Immunohistochemistry (IHC)

IHC was performed for hepsin (HPN) on 30 formalin-fixed, paraffin-embedded tissues histologically characterised into three distinct tissue groups: normal ovarian, primary ovarian serous cystadenocarcinoma and metastatic (omentum), to confirm expression at the protein level. Sections were cut at 4 μm, deparaffinised and rehydrated in a series of graded alcohols, before being heated in a microwave in Tris-EDTA (TE) for 25 min. Endogenous peroxidase activity was blocked by 10 min incubation with 0.5% hydrogen peroxide (H2O2) in methanol, prior to the application of goat polyclonal primary antibody (1 : 50; Santa Cruz Biotechnology Inc., Insight Biotechnology Ltd, Wembley, UK) for 1 h at 22°C. A biotinylated, anti-goat secondary antibody (1 : 400; DAKO, Cambridgeshire, UK) was applied for 30 min, after which slides were incubated with the streptavidin-peroxidase complex (DAKO) for a further 30 min. Sections were visualised by application of diaminobenzidine (DAB) substrate (DAKO) for 7 min, followed by a wash in running H2O and counterstaining for 2 min with Mayer's haematoxylin (DAKO). All sections were then dipped in acid alcohol to remove excess haematoxylin, and immediately placed in running H2O. After dehydration in graded alcohols, slides ended in xylene, and were mounted in DPX.

Data analyses

Background subtraction, normalisation and expression values of our data were calculated using the rma algorithm (Irizarry et al, 2003), available as part of the Affymetrix package of the Bioconductor open-source software library for the statistical language R (http://www.bioconductor.org). The rma algorithm differs from the standard Affymetrix algorithm in a number of ways; most importantly, the data are quantile–quantile normalised at the probe level, prior to calculation of a final expression summary from the positive match (or PM) probes alone. This algorithm improves measurement precision, reducing the variation between replicate data, particularly of low-expressed genes. Differential expression was calculated using the Benjamini–Hochberg step-down false-discovery rate (FDR) algorithm set to 0.05, implemented using the Bioconductor multtest package.

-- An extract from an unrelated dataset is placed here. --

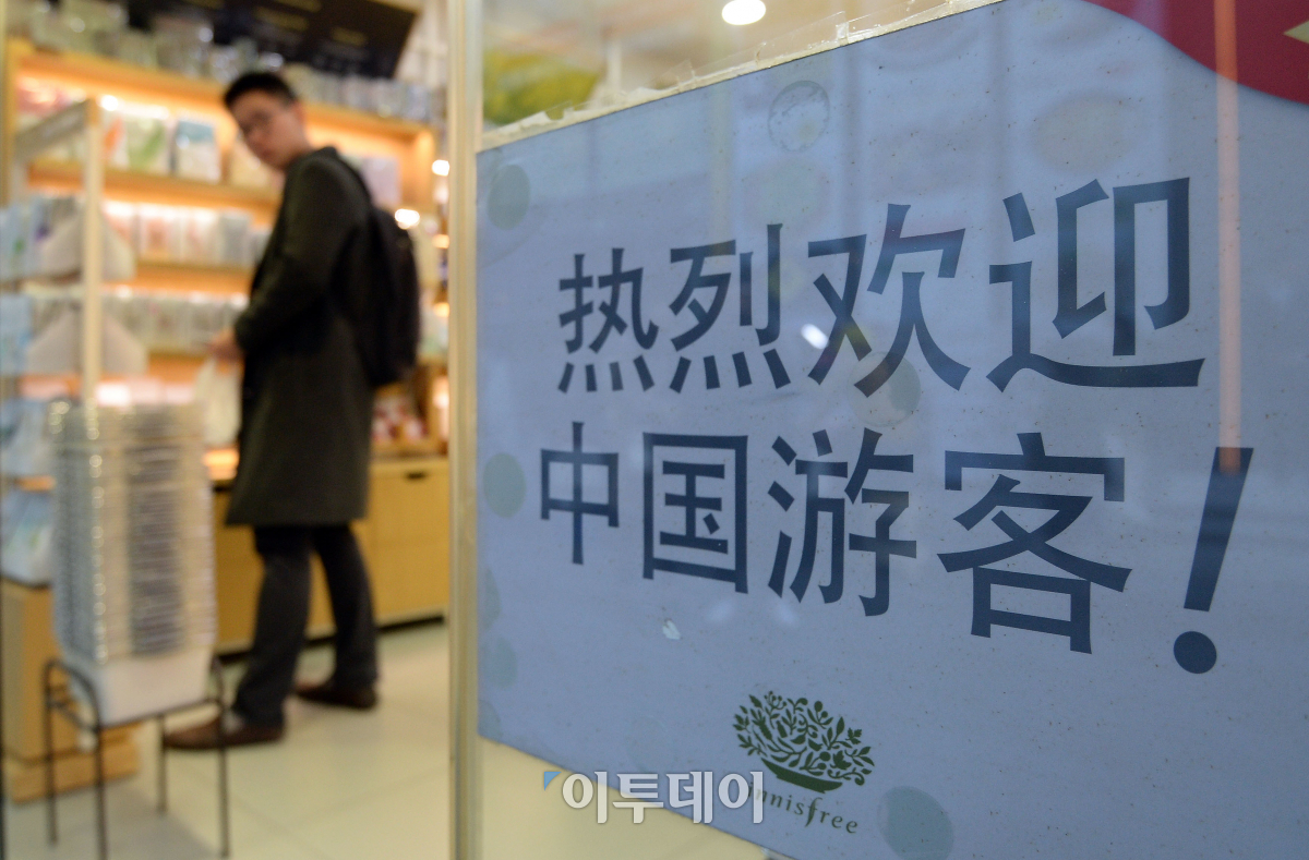 중국의 새 지도부 출범 이후 사드배치로 얼어붙었던 한-중관계에 해빙 분위기가 조성되고 있는 가운데 30일 서울 명동의 한 매장에 중국 여행객을 환영하는 내용의 문구가 붙어 있다. 최근 중국 내 최대 온라인 여행사이트인 씨트립이 한국 여행상품 검색을 다시 허용했고, 저가항공사들이 한국행 노선의 운항을 재개하거나 확대하려는 움직임이 나타나 유통·관광업계의 기대감이 커지고 있다. 이동근 기자 foto@

This algorithm adjusts P-values upwards to discount the effects of multiple testing. It is a less-conservative adjustment (admitting more errors) than the more common, but here impractically conservative, Bonferroni or Holm algorithms.

Comparative GEM data

Publicly available GEM data from normal epithelia-rich tissues were obtained from the Genomics Institute of the Novartis Research Foundation expression atlas (http://expression.gnf.org). Prostate and lung adenocarcinoma data were obtained from the Whitehead Institute Centre for Genomic Research (http://www-genome.wi.mit.edu/cgi-bin/cancer). Both data sets were in the original Affymetrix CEL format, and were normalised and analysed using the same methods as our own data described above.

Results

Four normal ovarian samples, plus six paired primary (stage IIIC) and secondary samples from the same individual were analysed. The histopathology of adjacent sections showed that 70–90% of primary samples and 90% of metastases (except one sample) constituted tumour cells. The normal ovarian samples were verified to be free from any benign pathology. Differences in gene expression discussed below were all tested for significance using a FDR of 0.05, using the Benjamini–Hochberg step-down algorithm (Benjamini and Hochberg, 1995) (see Materials and methods). For clarity, gene names and abbreviations used throughout the text are summarised in Table 1.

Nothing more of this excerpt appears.